Quelle que soit la vérité, la réponse de la FIFA à la situation est honteuse. Sur les instructions de Stanley Rous et de sa capacité inégalée à trouver le mauvais côté de l’histoire, une délégation a été envoyée à Santiago pour enquêter sur le stade et – bien qu’il n’y ait aucune preuve ou suggestion que l’organisation était complice – ils ont avalé les mensonges de la junte. Bien qu’ils aient visité le terrain avec des prisonniers toujours à l’intérieur, ils n’ont trouvé aucune raison de déplacer le jeu.

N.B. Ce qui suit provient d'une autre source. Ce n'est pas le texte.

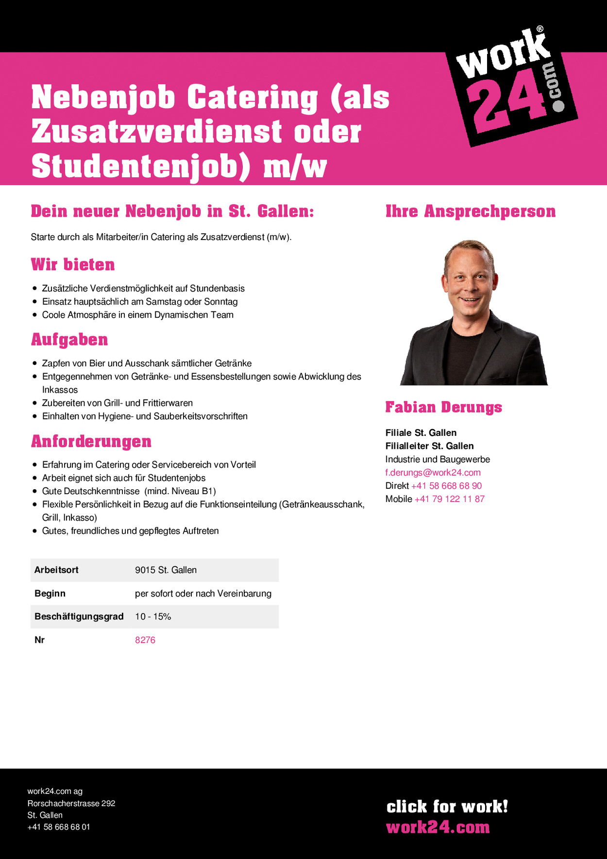 Nebenjob Catering (als Zusatzverdienst oder Studentenjob) m/w in St. Gallen

En fait, la déclaration qu’ils ont publiée est pleine de naïveté stupéfiante et conclut que les prisonniers n’étaient «pas des prisonniers, mais seulement des détenus dont l’identité devait être établie». La délégation a observé le «parfait état» de l’herbe et des «détenus dans les vestiaires et autres pièces». Il a également remarqué “100 personnes attendant des nouvelles de leurs proches” à l’extérieur.

En 1973, la Seconde Guerre mondiale était terminée depuis moins de trente ans; personne n’aurait dû être pressé d’accepter des vérités illusoires ou de jouer stupidement à l’existence d’un camp de concentration.

Selon Goldblatt, Rous lui-même a été contacté par la FA d’Allemagne de l’Est, qui s’est déclarée prête à organiser le match – avec une ironie sans doute involontaire mais horrible – à Dachau. Mais la FIFA rejetterait la proposition, choisissant à la place de citer son règlement aux Soviétiques et de donner aux Chiliens le libre passage pour la Coupe du monde de 1974.